■ **The input**
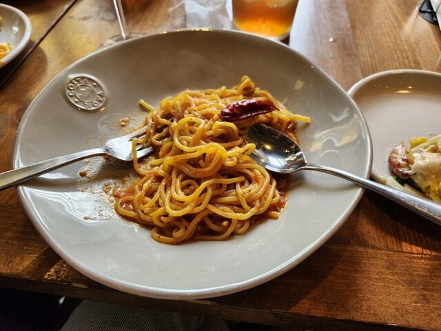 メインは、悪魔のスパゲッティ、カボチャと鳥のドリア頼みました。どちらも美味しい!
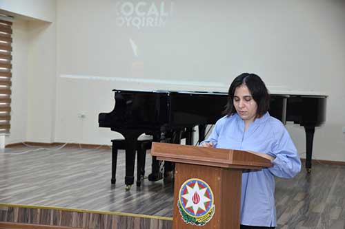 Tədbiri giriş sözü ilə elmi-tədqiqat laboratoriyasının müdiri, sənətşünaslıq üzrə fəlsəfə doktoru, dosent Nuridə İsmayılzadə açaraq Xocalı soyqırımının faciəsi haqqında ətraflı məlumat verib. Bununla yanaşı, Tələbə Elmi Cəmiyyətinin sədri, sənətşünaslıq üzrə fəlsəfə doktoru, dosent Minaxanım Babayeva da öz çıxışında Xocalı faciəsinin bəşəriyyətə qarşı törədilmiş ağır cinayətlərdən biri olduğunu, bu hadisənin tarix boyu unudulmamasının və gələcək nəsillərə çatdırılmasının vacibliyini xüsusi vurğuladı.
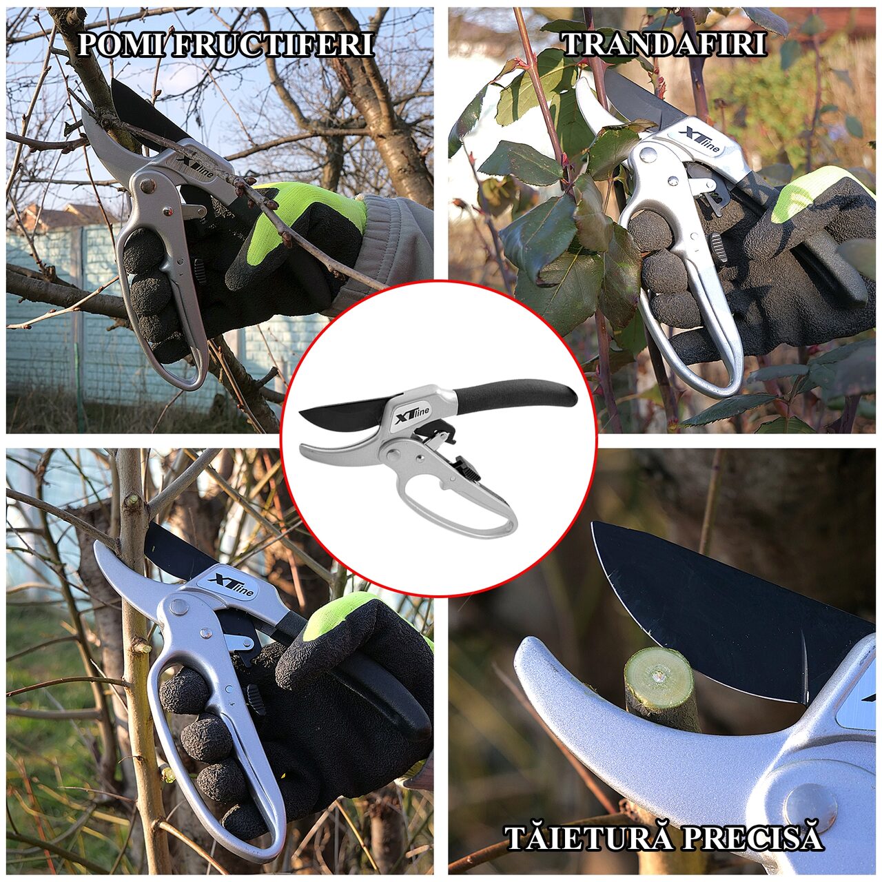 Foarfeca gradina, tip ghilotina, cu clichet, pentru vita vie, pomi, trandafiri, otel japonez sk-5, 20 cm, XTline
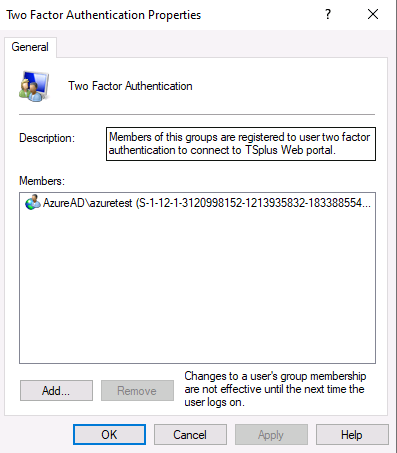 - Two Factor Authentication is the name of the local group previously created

* * *

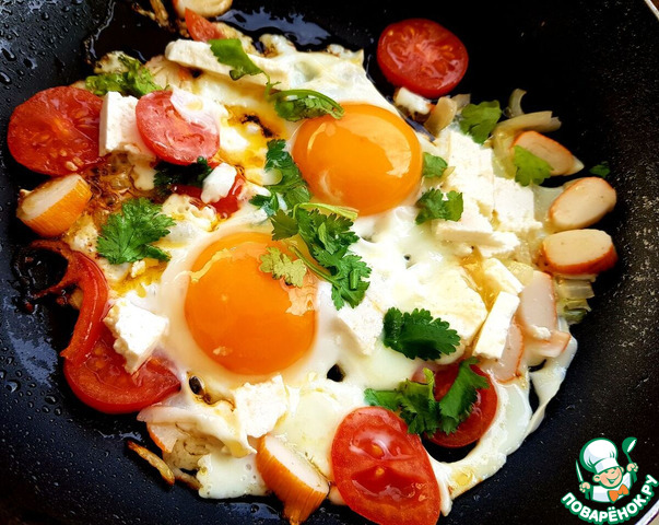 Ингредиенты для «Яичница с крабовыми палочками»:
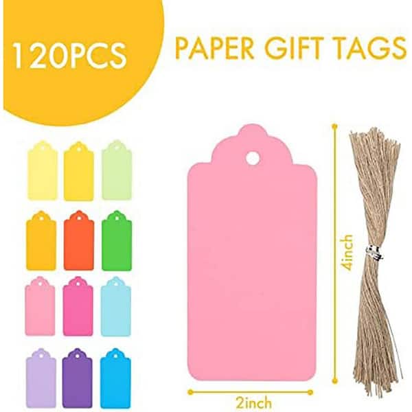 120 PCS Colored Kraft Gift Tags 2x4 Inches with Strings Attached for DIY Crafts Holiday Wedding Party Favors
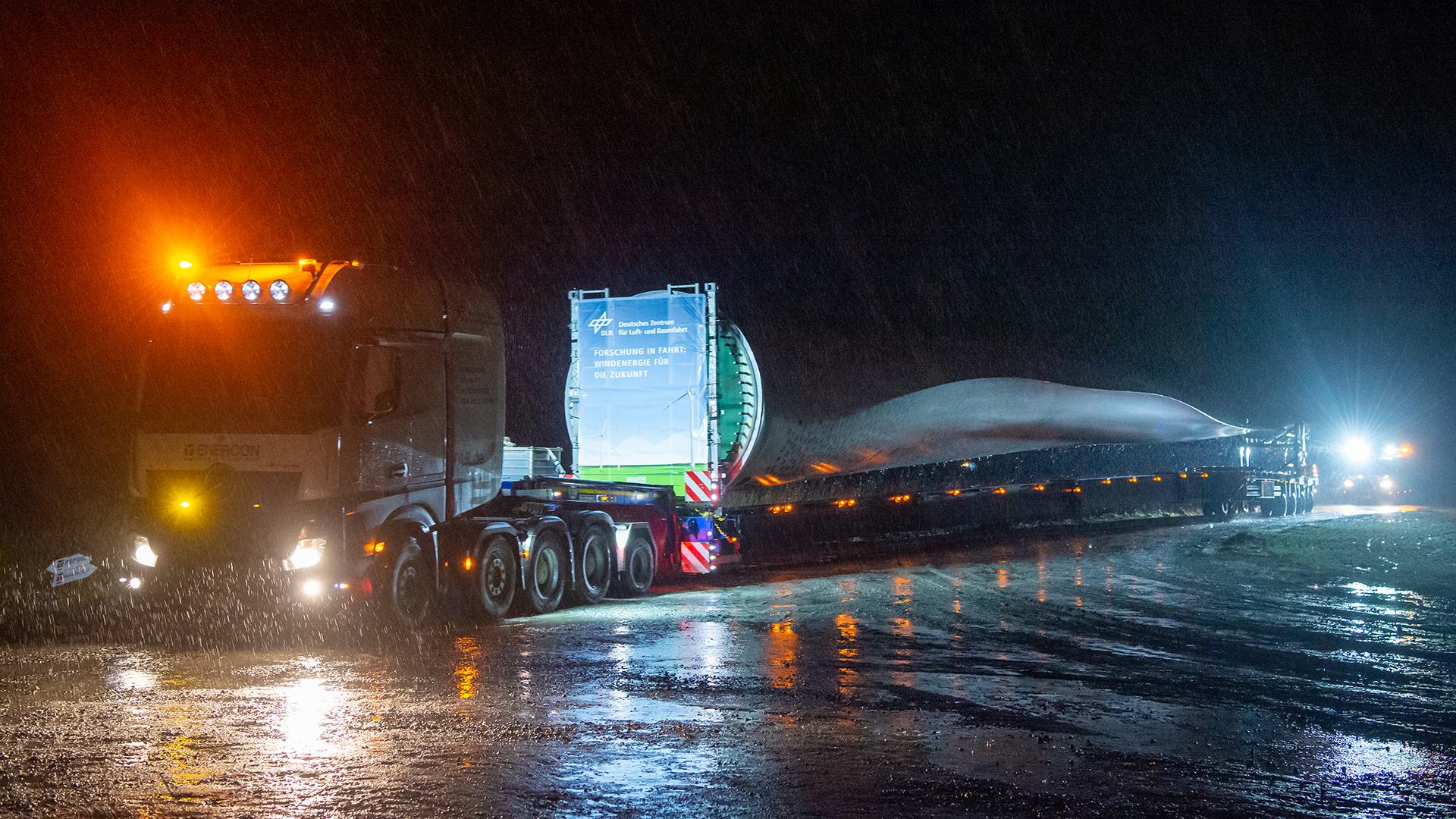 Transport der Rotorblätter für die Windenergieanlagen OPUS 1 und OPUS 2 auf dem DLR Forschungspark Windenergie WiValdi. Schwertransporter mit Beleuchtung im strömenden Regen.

■ **Directions for this task**
Up in the listing, locate the line with "メインは、悪魔のスパゲッティ"; print it and every line after it down to the line with "- Two Factor", which is included too. Skip the pictures.

■ **Response**
 メインは、悪魔のスパゲッティ、カボチャと鳥のドリア頼みました。どちらも美味しい!
 Tədbiri giriş sözü ilə elmi-tədqiqat laboratoriyasının müdiri, sənətşünaslıq üzrə fəlsəfə doktoru, dosent Nuridə İsmayılzadə açaraq Xocalı soyqırımının faciəsi haqqında ətraflı məlumat verib. Bununla yanaşı, Tələbə Elmi Cəmiyyətinin sədri, sənətşünaslıq üzrə fəlsəfə doktoru, dosent Minaxanım Babayeva da öz çıxışında Xocalı faciəsinin bəşəriyyətə qarşı törədilmiş ağır cinayətlərdən biri olduğunu, bu hadisənin tarix boyu unudulmamasının və gələcək nəsillərə çatdırılmasının vacibliyini xüsusi vurğuladı.
 Foarfeca gradina, tip ghilotina, cu clichet, pentru vita vie, pomi, trandafiri, otel japonez sk-5, 20 cm, XTline
 - Two Factor Authentication is the name of the local group previously created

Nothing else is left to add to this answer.